# Jesus Calling and the PCA



## sastark (Feb 27, 2014)

It's been a long time since I've posted here, and it's also been a long time since I've blogged anything. Are you all aware of that the author of the wildly popular (though theologically dangerous) devotional book Jesus Calling is a member of the PCA and that her and her husband serve as missionaries through Mission to the World? I've blogged about it here: 

The Ruling Elder: Jesus Calling, from the PCA?


----------



## hammondjones (Feb 27, 2014)

Tentmakers, I guess.


----------



## Hamalas (Feb 27, 2014)

I was surprised to hear this a few weeks ago.


----------



## reaganmarsh (Feb 27, 2014)

I didn't realize they were PCA. Wow. Concerning.


----------



## Steve Curtis (Feb 27, 2014)

I didn't realize they were PCA, but I had read that she went to Covenant. (BTW, good to see you back!)


----------



## Sylvanus (Feb 27, 2014)

kainos01 said:


> I didn't realize they were PCA, but I had read that she went to Covenant. (BTW, good to see you back!)

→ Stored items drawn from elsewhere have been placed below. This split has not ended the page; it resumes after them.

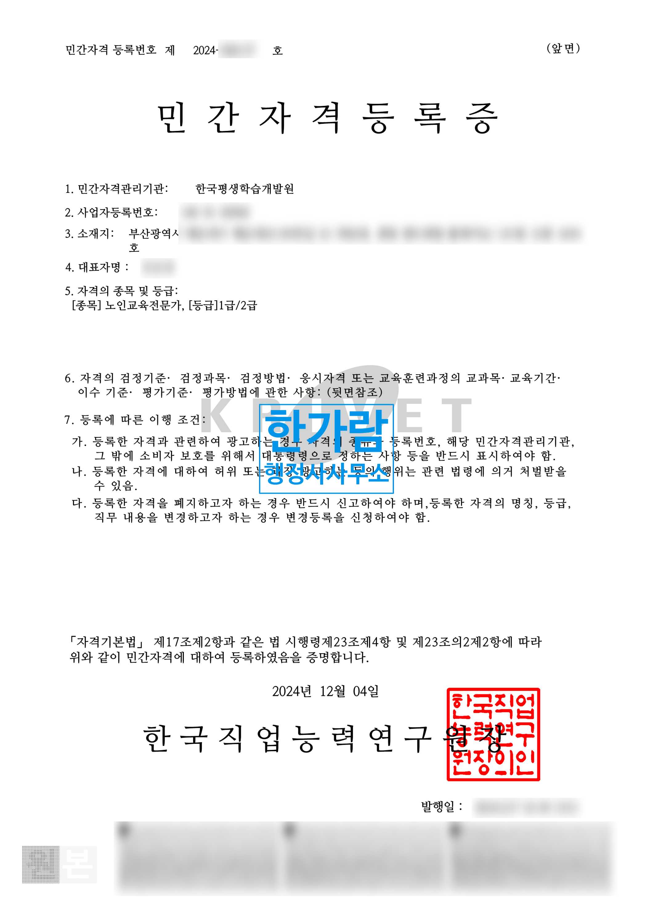 이번에 노인교육전문가, 노인돌봄생활지원사 민간자격증을 신청해주신게 잘 등록이 되어 사례를 공유합니다.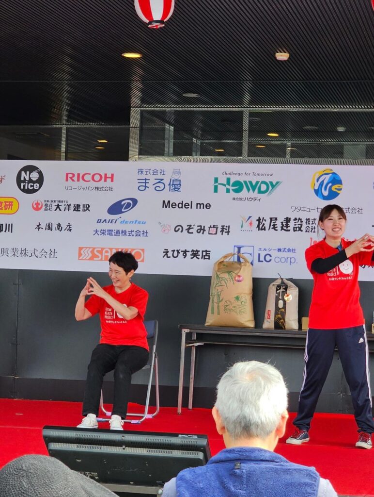 ステージ上がる直前まで、一生懸命リードの練習 をし、職員の皆様のあたたかい応援 の中、会場が一体感に包まれました。代表のはーなも応援に駆けつけました。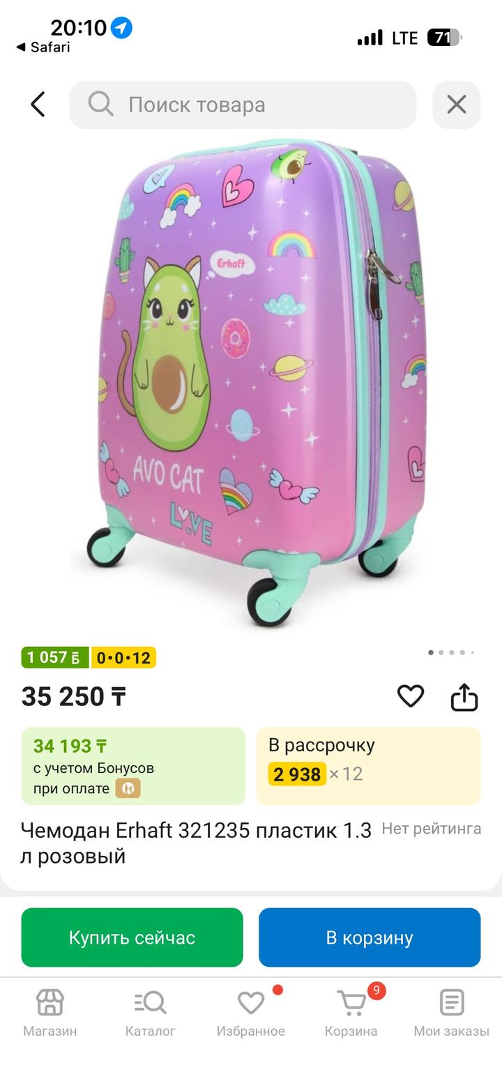 Покупали за 30000 тенге Есть небольшие царапины Брали в два путешествия 🙂 Собираться в поездку - особое удовольствие! Подарите его маленькому путешественнику с чемоданом Erhaft. Закрывается на молнию. Пластиковый корпус. Выдвижная ручка. Чемодан - на колесиках. Характеристики Размер: 47×31,5х23 см Вес: 1,3 кг Артикул: 501540

Saw a review of the book on Aquila Report today, and began reading other blogs about it. Saw that she attended Covenant as well (from Challies): Jesus Calling | Challies Dot Com

I am surprised to hear that she is a member of the PCA however.


----------



## sastark (Feb 28, 2014)

She attended Covenant Seminary, and had previously studied at L'Abri.

I found Tim Challies review to be excellent.


----------



## ZackF (Feb 28, 2014)

Hasn't this book been out ten years? If so it is weird that it is now just taken off.


----------



## lynnie (Feb 28, 2014)

When I look back at my charismatic days I think the term "sanctified discontent" applies. The bible is never enough, church is never enough, nothing is ever enough, we always need more. We are always driven to be begging God for more more more, especially gifts and manifestations of the Holy Spirit. Always sort of empty. Coming into Reformed theology was the first abiding rest I ever had, even though I was saved earlier. 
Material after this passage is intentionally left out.